Pornographer
Nowadays, if the Internet is awash in erotic images, many of them were placed there by women, but a century ago only the leisured classes had access to such images. It is more interesting when the pornographer, back then, was a woman. What were her motives? Was it just the money? Think Anaïs Nin writing Delta of Venus.

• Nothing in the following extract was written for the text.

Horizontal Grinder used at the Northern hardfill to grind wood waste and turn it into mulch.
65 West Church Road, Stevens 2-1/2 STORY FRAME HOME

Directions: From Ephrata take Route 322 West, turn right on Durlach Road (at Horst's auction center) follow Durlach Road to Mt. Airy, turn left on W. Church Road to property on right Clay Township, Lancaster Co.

Gerda Gottlieb Wegener (1886-1940), shown above, was a Danish artist and painter who is best known now for her erotic paintings like the ones below. During her career, most of which was spent in Paris after 1912 (her family heritage was French and she felt more at home there), she did illustrations for the major magazines, Vogue and so on, mixing with the glitterati and the doomed. She also continued to paint and exhibit in Copenhagen when she could. The most arresting images are the lesbian ones - it seems evident she preferred women - but she also provided illustrations for a Casanova memoir and other books.
Notice the fallen black mask in the illustrations - her recurring motif.

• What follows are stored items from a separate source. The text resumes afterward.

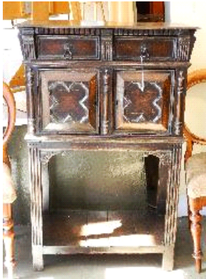
Lot # 214

213 Pair of Victorian mahogany balloon back side chairs. $100 - $150
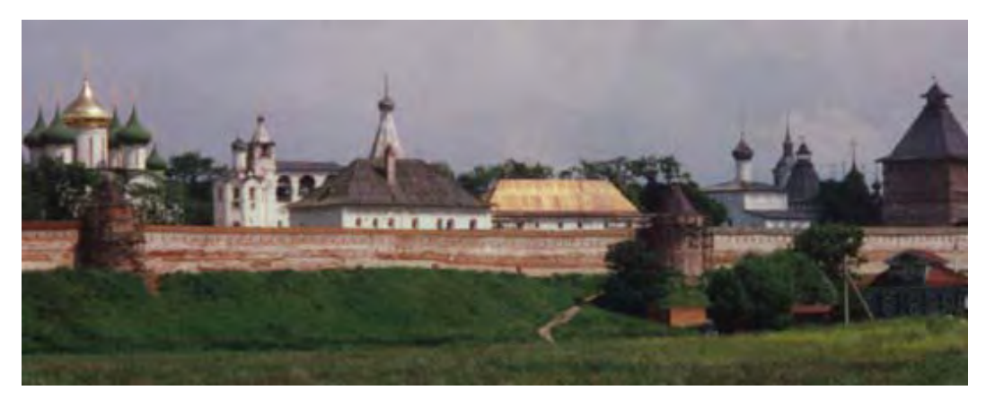
A view of the Susdal Monastery from outside the perimeter walls.

Tears were shed in Archangelsk when word of his banishment reached those who loved him. For his parents, the news was a mortal blow. Three months later his mother died of grief, and soon afterward his embittered father, who made repeated unsuccessful petitions on his son's behalf, gave up and died of a broken heart too.
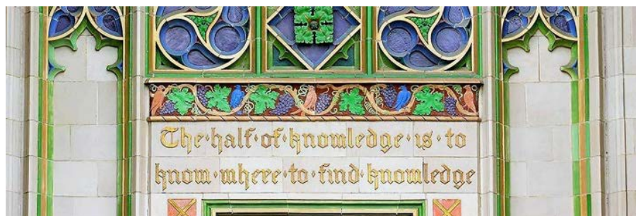
Façade of Dodd Hall, Home of FSU's Department of Religion
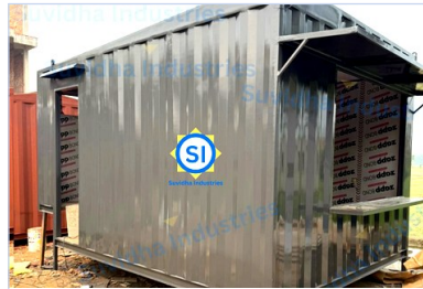
Banarasi Baithak — Client Fit-Out

But in the histories she is always overshadowed by her husband. We have to go back, to 1904, when she married fellow artist Einar Wegener, and he modeled for her dressed in drag. It certainly helped her career. He would become notorious as the first known individual to undergo a sex change operation, in 1930, and thus Einar become “Lili Elbe ” but she only survived a year – the operations took their destructive toll. By this point it was a huge scandal with newspapers all around the world taking an interest and the King of Denmark felt compelled to declare the Gerda-Lili marriage null and void.
This is where the fascination lies, for before the operation Gerda and Einar/Lili lived as two women, thus the question of whether this fueled the erotic lesbian images she is associated with. Sadly, things rather went downhill for Gerda after Lili’s death in 1931 and she too was gone by 1940.

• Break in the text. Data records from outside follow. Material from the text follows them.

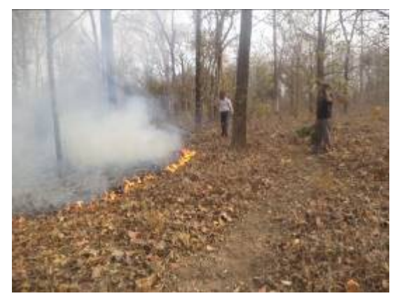
Niranjan assists Forest Department staff in fighting fire in forest near Jamuntola
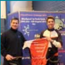
BriggsAmasco raises £20K for the Tower2Tower charity.
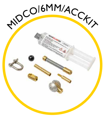
Accessory kit including various fittings for additional functionality
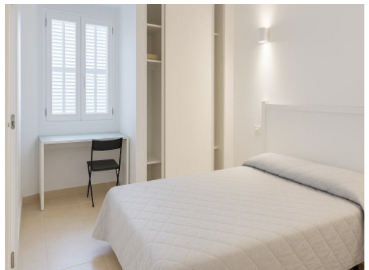
Ground floor master bedroom with built-in wardrobe and desk

All information is correct to the best of our knowledge. Errors and prior sale excepted. This prospectus is purely for information purposes only. The realized appearance is not legally binding.
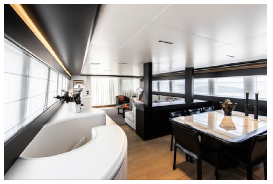
Interior Main Deck
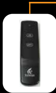
ON/OFF Remote (SR-2R)

Light burner and adjust flame height by pushing button.
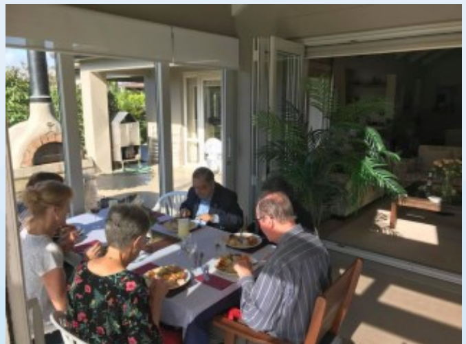
Tucking into a scrumptious lunch!

Neither her birthplace of Hammelev (she was born a vicar's daughter in this tiny rural town), nor the larger town of Hobro, where she grew up, have made a claim to their talented daughter. She returned to Denmark in her last years and died alone in Frederiksberg in Copenhagen. She is buried at Solbjerg Park Cemetery there, but the long term plan is to convert the cemetery into a park. Such is life.
A novel focusing on Lili, The Danish Girl by David Ebershoff, came out in 2000 and a film version starring Eddie Redmayne in 2015.